The Federal Arbitration Act allows either party to get the award confirmed by a court. Why didn't the west MEC do that?
Not that it is relevant here, but the plan never was to get it confirmed by a court. Since you seem fixated on it, check Section 9 of the FAA (especially the very beginning: "If the parties in their agreement have agreed that a judgment of the court shall be entered upon the award made . . . [then any party may apply to the court for an order confirming the award]."). Who was ALPA planning to file suit against to confirm the award when the process first started - itself?
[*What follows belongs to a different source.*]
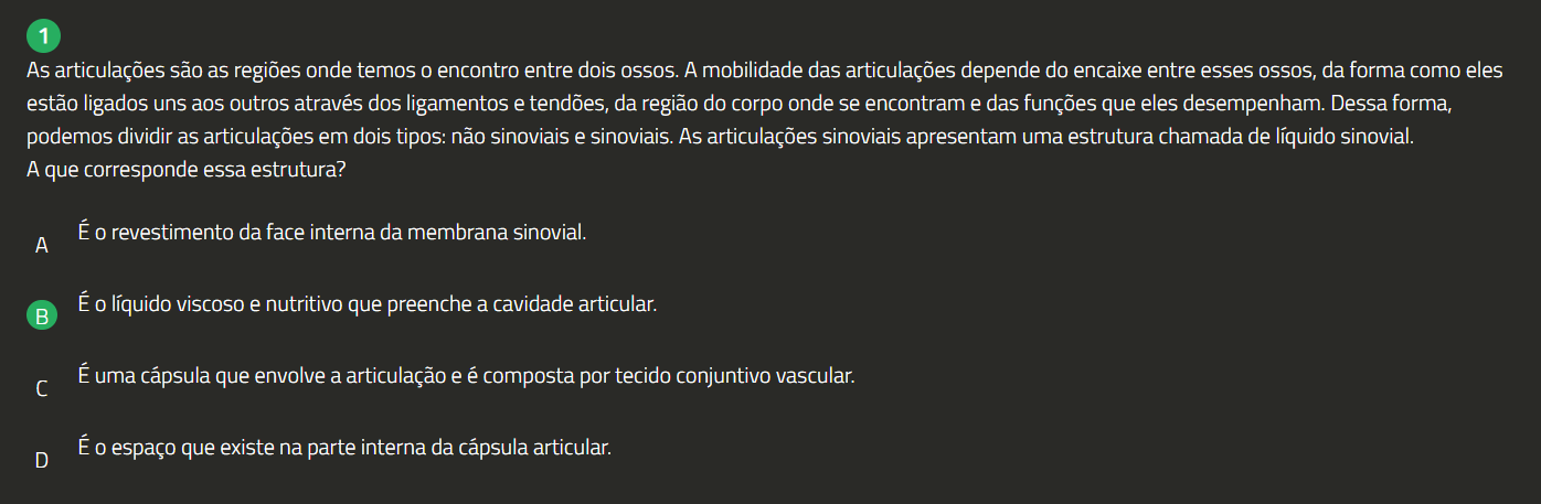 1 As articulações são as regiões onde temos 0 encontro entre dois OSSOS. A mobilidade das articulações depende do encaixe entre esses da forma como eles estão ligados uns aos outros através dos ligamentos e tendões, da região do corpo onde se encontram e das funções que eles desempenham. Dessa forma, podemos dividir as articulações em dois tipos: não sinoviais e sinoviais. As articulações sinoviais apresentam uma estrutura chamada de líquido sinovial. A que corresponde essa estrutura? É revestimento da face interna da membrana sinovial. A É líquido viscoso e nutritivo que preenche a cavidade articular. É uma cápsula que envolve a articulação e é composta por tecido conjuntivo vascular. É 0 espaço que existe na parte interna da cápsula articular. D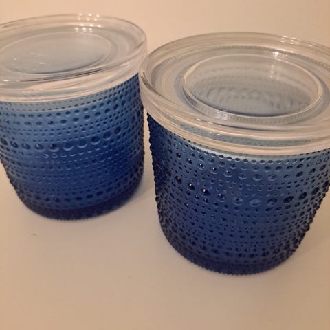 Iittala Kastehelmi purkit, 2 kappaletta värissä Sade. Halkaisija 11cm.

The plan was (and is) to use the list going forward in the merger process.

By the way, if the award had somehow been "confirmed" under the FAA, do you really think the East pilots would have accepted it because of that procedural detail, or do you think they would still have thought of ways to try to squirm out of their legal obligations?

Simply because they couldn't, since it was NOT A FEDERAL ARBITRATION.
I still am not understanding what this "a federal arbitration" is, and how it differs from other ("non-federal"?) arbitrations.

Can you provide an example of "federal" and "non-federal" arbitrations, and explain the difference(s) between them?

And, just because it fits your argument to substitute "Collective Bargaining Agreement" with "agreement between the parties" does not make it so. A Collective Bargaining Agreement is a very specific contract, i.e. between a union and an employer. An "agreement between the parties" can be anything from General Motors contracting to purchase spark plugs from Champion, to your next door neighbor agreeing to pay you $4 to mow his lawn.
And that distinction is germane here, how exactly? Is arbitration over a CBA issue more or less enforceable than arbitrations over other issues? If so, how?

Would the GM / Champion and neighbor disputes be examples of "federal" or "non-federal" arbitration?
 
And not what I was told by a member just last month, as I explained just a few posts ago.
You've got to remember that everyone involved in the seniority integration process is engaging in a lot of CYA. They don't want anyone blaming them for the outcome, so there's plenty of revisionist history coming from east of the Mississippi. Go all the way back to DFR1 and the sworn testimony that the arbitration was binding only on the MC - does any pilot on the East side think that was the truth? People who will lie under oath will lie about anything including who's fault this mess is.